# 641 Workmaster Haydraulic System Question



## chsmart (Aug 17, 2012)

Hi... Got the 641 running today but could not get the three-point hitch to lift (the rake is on it right now). I though of trying to check and or top up the hydraulic fluid, but realized that I don't know how to do this. there seems to be a fill port under the seat, but I'm not sure if that is for hydraulic fluid. Any guidance would be much appreciated.


----------



## Harvey_W (Nov 23, 2013)

Your 641 has three separate reservoirs: 1) Transmission, 2) Hydraulic (center reservoir), and 3) Rear differential. Originally, The transmission and rear end took gear oil and the center hydraulic compartment took hydraulic oil, but now you can use Universal Tractor Fluid (UTF) equivalent the Ford spec 134D in all three compartments. This is Ford/NH approved practice. You can get UTF at Tractor Supply Stores, Wal-Mart, Auto Parts Stores, etc. Check the label to ensure it meets Ford spec 134D.
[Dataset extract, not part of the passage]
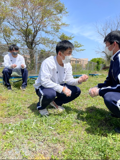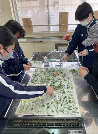 新年度がスタートし、小国にも春がやってきました。朝の気温は8℃くらいでまだ寒いですが、昼間は20℃を超えて夏日です。コロナ禍を終えて今年度は、今までより自由に調理実習ができそうです。春の草花たちが一斉に芽を出していたので、よもぎ摘みを行いました。調理室で、より分けて、茹でた後冷凍しました。来週よもぎもちを作ります♪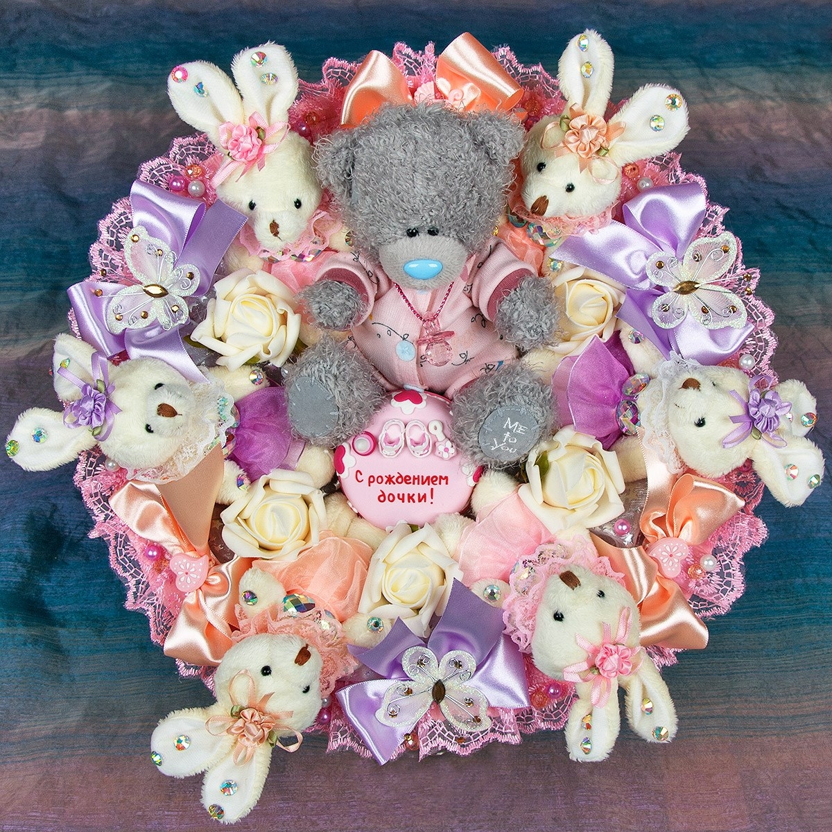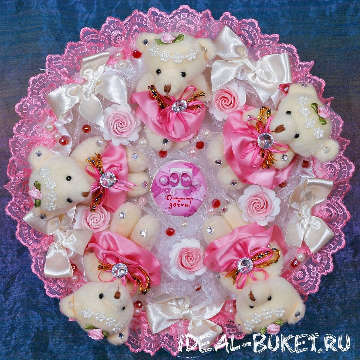 Букет из игрушек на выписку из роддома для девочки

The filler cap for the center section is under the seat, and the dipstick is down lower near the PTO shift lever. 

Your hydraulic pump is mounted on the right rear side of the engine. It may have lost prime. There is an allen-headed plug you can loosen to see if it is pumping. You can also fill this port with UTF fluid to prime it. Don't run the engine with the plug completely out - can make a mess!!


----------



## chsmart (Aug 17, 2012)

*Thanks!*

Thank-you Harvey_W, 

It was all just as you said... the dipstick came up dry, and I opened the fill port and could see straight to the bottom. I filled with 134D until it reached the dipstick FULL line, and the started the 641. True to your prediction, the hitch still did not come up, perhaps because of loss of prime in the pump. But after about five minutes of idling (while I was dithering around about what to do), the hitch came up, and after that it behaved normally (i.e. up and down with no hesitation or waiting). I guess the pump must have eventually primed itself? In any case, I'm back in business, thanks again.


----------